2.Give execution permission to the below mentioned scripts

chmod +x /home/path/to/KWHY/deploy-script/grid
chmod +x /home/path/to/KWHY/deploy/bin/run-job.sh
chmod +x /home/path/to/KWHY/deploy/bin/run-class.sh

If you face permission related problem with any script, just make it executable by above mentioned commands.

3.Build Samza distribution artifacts in deploy directory

mvn clean install

4.Start the grid script in bootstrap mode(It will automatically install and starts zookeeper, kafka, yarn)

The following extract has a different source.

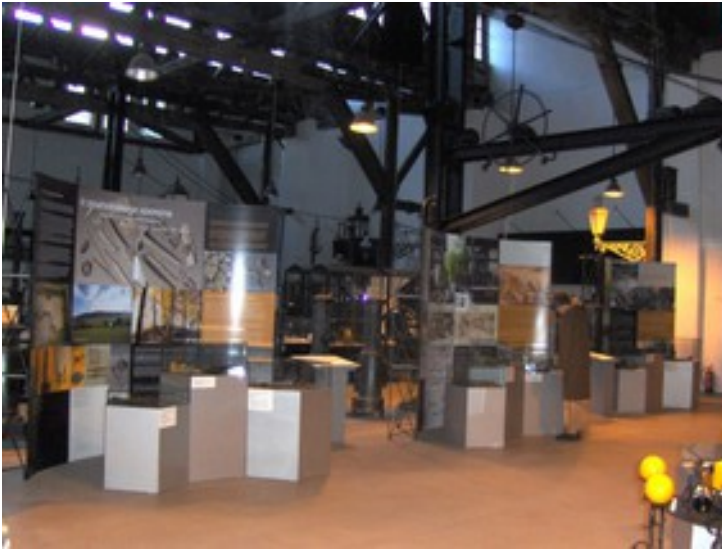
Razstava Tritisočletja železarstva na Slovenskem v Madžarskem livarskem muzeju v Budimpešti

Install and Start yarn, zookeeper, kafka

deploy-script/grid bootstrap

To start/stop zookeeper,yarn,kafka by a single command


deploy-script/grid start all
deploy-script/grid stop all

To start/stop zookeeper,yarn,kafka separately

deploy-script/grid start/stop kafka
deploy-script/grid start/stop yarn
deploy-script/grid start/stop zookeeper

Note - If you face some error while starting kafka just remove the kafka-logs directory from /tmp/ and start it again.

5. Update path accoridng to your local system

Update path in both files present in src/resources directory

yarn.package.path=/home/path/to/KWHY/deploy/deploy.tar.gz

6.Run the Samza deployment script with correct paths and attributes

/home/path/to/KWHY/deploy/bin/run-job.sh --config-factory=org.apache.samza.config.factories.PropertiesConfigFactory --config-path=/home/path/to/KWHY/deploy/conf/covid-parser.properties

Open browser and go to local yarn resource manager: http://localhost:8088/cluster to check status

7.Create consumers on two different terminals after submitting job to yarn .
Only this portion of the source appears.